Managing Large Data Sets in LabVIEW

Publish Date: Jan 28, 2012 | 34 Ratings | 4.71 out of 5 |  PDF

Overview

One of the great strengths of LabVIEW is automatic memory management. This memory management allows the user to easily create strings, arrays, and clusters with none of the worries C/C++ users constantly have. However, this memory management is designed to be absolutely safe, so data is copied quite frequently. This normally causes no problems, but when the data size in a wire starts creeping into the megabyte range, copies start causing memory headaches, culminating in an out of memory error. While LabVIEW is not optimized for large data wires, it can be used with large data sets, provided the programmer knows a few tricks and is prepared for large block diagrams.

Table of Contents

  1. Methods for Large Data Storage
  2. Displaying Data
  3. Breaking the 2 GB File Size Barrier (LabVIEW 7.1 and earlier)
  4. Interfacing with 64-Bit DLLs (LabVIEW 7.1 and earlier)
  5. Sample Code

1. Methods for Large Data Storage

Sometimes, you need to store large data sets in memory. To store large data sets without memory problems, you need a storage mechanism that allows you to save one copy of the data and access the data in chunks, which allows transport of the data without a large memory hit. One common solution to this problem is a functional global, which is also called a shift register global. Another solution is a single-element queue.
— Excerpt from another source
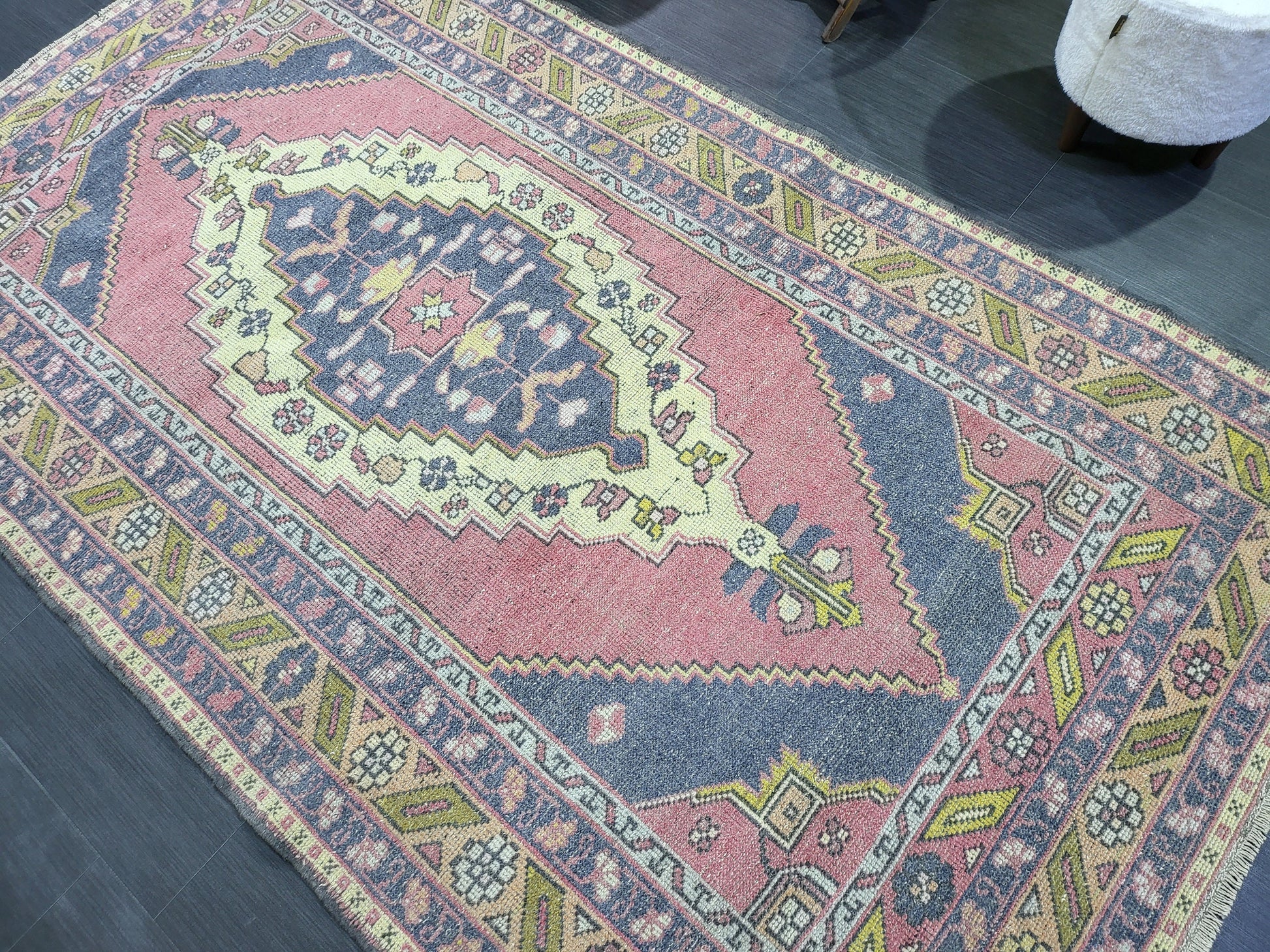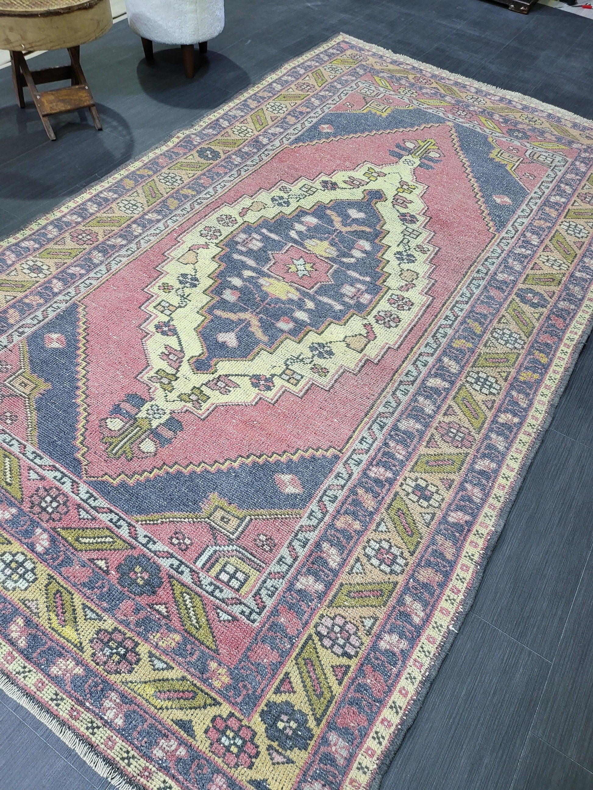 *A vintage handmade Turkish rug made of hand spun wool and double knotted on sturdy foundation,

You can create the functionality of a C/C++ pointer to buffer using a reentrant VI with the VI server. This buffer produces a reference to the VI that can be passed anywhere. If you want another buffer, start another one with the VI server. Since the VI is reentrant, another instance will be created. You can now pass this VI reference around and use it anywhere. Note that use of a VI reference will cause any access of the data to use the UI thread. Using the UI thread for data access slows program execution. You can get around this problem by creating a different VI for every buffer and making each VI non-reentrant.

GLV_WaveformBuffer.vi in GigaLabVIEW.llb is an example of the functional global concept. To see the concept in action, open GLV_TypicalMemoryStoreAndBrowse.vi. Set the number of points to 100 thousand or more and run the VI. Now open GLV_GigaLabVIEWMemoryStoreAndBrowse.vi and do the same. Note the difference in responsiveness and memory usage. Increase the number of points to one million or more to see major differences. GLV_GigaLabVIEWMemoryStoreAndBrowse.vi uses the shift register database in GLV_WaveformBuffer.vi to hold the data. The database also holds a frame buffer – a pre-decimated array of the full data that can be reused without recalculating. It also uses the chunking and display algorithms already introduced in the previous example.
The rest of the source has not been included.